Chaturvedi told CPJ via messaging app that she quickly started using a new phone when she learned from local intelligence sources that she might have been under surveillance. As an investigative journalist, her immediate concern following the Pegasus Project disclosures was to avoid compromising her sources. “In Delhi, everyone I know who is in a position of power no longer talks on normal calls,” she said. “The paranoia is not just us who have been targeted with Pegasus.”
“Since the last five years, any important source I’m trying to talk to as a journalist will not speak to me on a normal regular call,” said Arfa Khanum Sherwani, who anchors a popular political show for The Wire and is known as a critic of Hindu right-wing politics. Sherwani told CPJ that her politician sources were the first ones who moved to communicate with her on encrypted messaging platforms even before the revelations as they “understood that something like this was at play.”
Rohini Singh similarly told CPJ that she doesn’t have any conversations related to her stories over the phone and leaves it behind when she meets people out reporting. “It is not about protecting myself. Ultimately it is going to be my story and my byline would be on it. I’m essentially protecting people who might be giving me information,” she said.
Journalists also say they are concerned about the safety of their family members.
“After Pegasus, even though my name per se was not part of the whole thing, my friends and family members did not feel safe enough to call me or casually say something about the government. Because they feel that they are also being audiographed and videographed [filmed or recorded],” said Sherwani.
Chaturvedi told CPJ that her family has been “terrified” since the revelations. “Both my parents were in the government service. They can’t believe that this is the same country,” she said.
Venu and Sherwani both expressed concerns about how the atmosphere of fear could affect coverage by less-experienced journalists starting out in their careers. “The simple pleasure of doing journalism got affected. This may lead to self-censorship. When someone gets attacked badly, that journalist can start playing safe,” said Venu.

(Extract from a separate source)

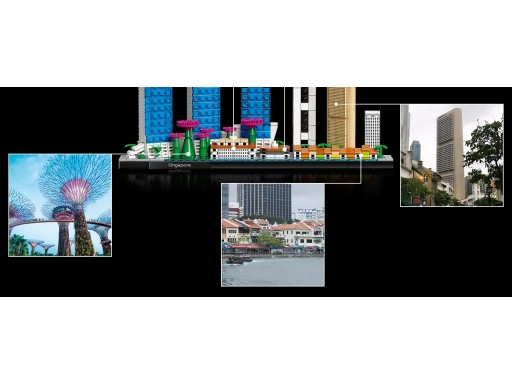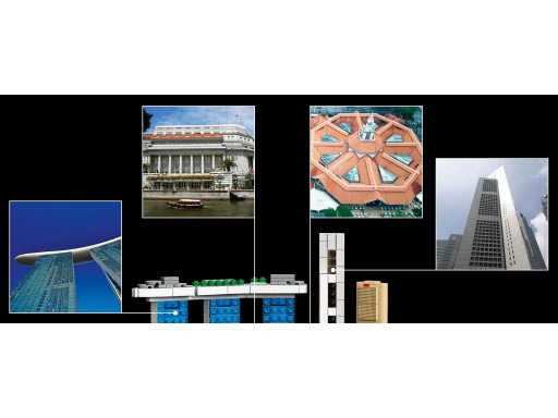 • Słynne miejsca zbudowane z klocków — Ośrodek wypoczynkowy Marina Bay Sands, wieżowce OCBC Centre i One Raffles Place, targ Lau Pa Sat (znany również jako targ Telok Ayer), hotel Fullerton oraz ogrody Supertree Grove w parku Gardens by the Bay

Said Sherwani: “For someone like me with a more established identity and career, I would be able to get people [to talk to me], but for younger journalists it will be much more difficult to contact politicians and speak to them. Whatever they say has to be on record, so you will see less and less source-based stories.”
Ashirwad agreed. “I’m very critical of this government, which is known. My stand now is I shall not say anything in private which I’m not comfortable saying in public,” he said.
(Kunal Majumder is Indian Representative of New York-based media watchdog, Committee to Protest Journalists.)